Des mouchoirs, montres, cachets, tabatières, boucles, sacs, bourses, épingles, etc.


Le vol dont il s’agit est l’action par laquelle un objet passe d’une main dans une autre, sans effort, sans effraction, sans autres frais qu’un peu d’adresse. Il faut quelquefois des idées heureuses et nouvelles pour effectuer ce vol.

§ 1.

Vous êtes dans une foule,

Toi, pauvre plébéien, clerc d’avoué, étudiant en droit, en médecine, commis, etc.,

Dans la queue formée près du bureau où l’on prend les billets de parterre, etc.,

Vous, monsieur l’avocat, le médecin, l’homme de lettres, le député, etc.,

Au spectacle,

À une revue,

Occupé à regarder les caricatures,

Au boulevard de Coblentz, etc.

Ne vous défiez jamais de votre voisin de gauche qui a une chemise de grosse toile, une cravate blanche, un habit propre, mais de drap commun ; suivez plutôt très-attentivement les mouvemens de ce voisin de droite, dont la cravate est bien mise et fine, qui a de grosses breloques, des favoris, un air d’honnête homme, le parler hardi ; c’est celui-là qui vous volera votre mouchoir ou votre montre.

§ 2.

Si votre diamant a disparu, gardez-vous de vous en prendre à ce monsieur. — « Comment donc, c’est le plus honnête homme de la France et de la Navarre. » On le fouillerait vainement, vous ne trouveriez rien sur lui : il vous attaquerait en duel ou en dommages et intérêts.
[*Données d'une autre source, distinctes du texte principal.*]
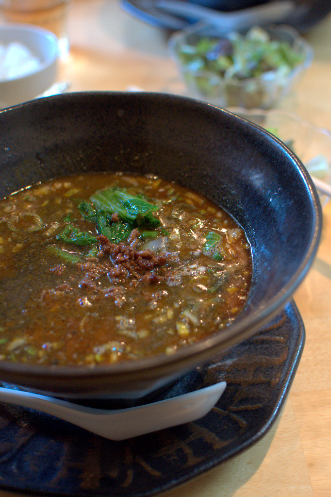 胡麻の風味とバランスする辛みと酸味、食後感をよくする使われている脂の質のよさなどがいい塩梅に完成されて美味しい担々麺ができるのではないか?濃すぎるでもなく、辛いだけでもなく、全体に調和の取れた担々麺、この杏亭の担々麺を食べると、そんな事を改めて考えさせられる。

Votre diamant est à cent pas ; et, avec un peu d’attention, vous verrez sept ou huit fashionables disposés comme des jalons dans la foule.

§ 3.

Attacher sa montre avec des chaînes d’acier, avec des rubans, disposer des fortifications de deux ou trois chaînes, erreur ! erreur de nos ancêtres ! vieilles coutumes ! elles sont aussi peu utiles que les anciennes médecines de précaution : on coupera vos chaînes d’un regard.

§ 4.

Aujourd’hui les gens de bon ton n’ont plus de montre ; on ne peut pas la leur voler.
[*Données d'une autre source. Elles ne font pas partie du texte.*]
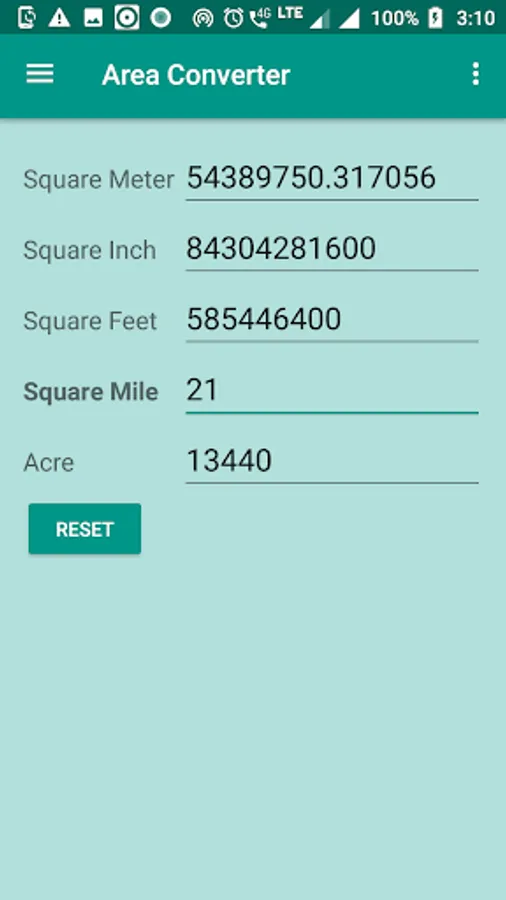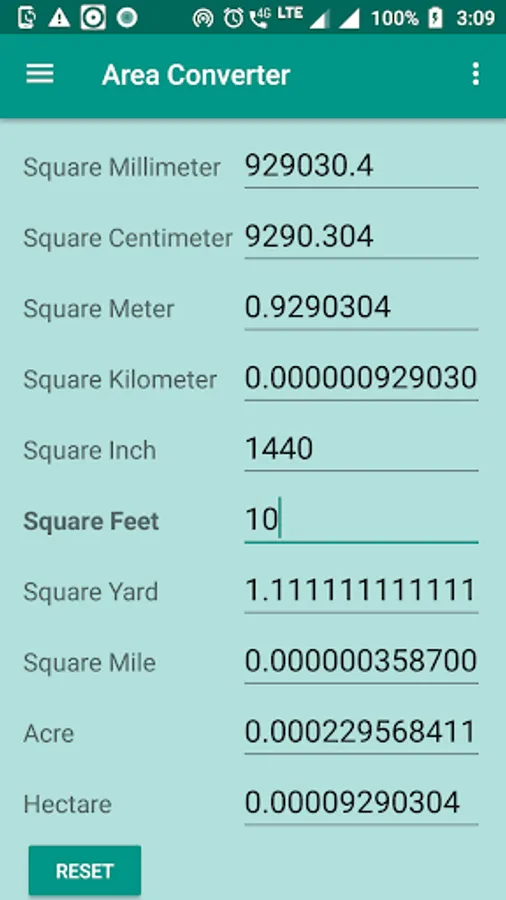 Hectare , Acre , Square mile , Square Yard , Square Feet , Square inch , Square Km , Square meter , Square Centimeter , Square millimeter.

On portait des montres jadis, parce qu’il n’y avait pas d’horloges.

Aujourd’hui, vous n’iriez pas écrire votre nom chez un suisse de bonne maison sans voir l’heure. Toutes les églises, les administrations, les ministères, voire les boutiques ont des pendules. Nous marchons sur des méridiens, sur des canons de midi. On ne fait pas une enjambée sans se trouver face à face avec un cadran : aussi une montre est-elle du vieux style. Il faut prendre les heures sans les compter ; les montres sont pour ceux qui s’ennuient.

D’ailleurs les cochers de fiacres et les passants n’ont-ils pas chacun la leur ?

§ 5.

Si un domestique vous apporte beaucoup de certificats honorables, dans lesquels sa probité est exaltée par de bonnes maisons, gardez-vous de le prendre.

§ 6.

Il ne suffit pas d’avoir la clef de sa cave et une bonne serrure ; il ne suffit pas de compter les bouteilles, il faut en boire le vin tout seul.

Un propriétaire honorable avait compté les bouteilles, apposé son cachet, et gardé la clef d’une serrure de sûreté. À son retour, les bouteilles étaient en nombre suffisant, bien cachetées, saines, et tout s’était enfui sans qu’il s’en fût perdu une seule goutte.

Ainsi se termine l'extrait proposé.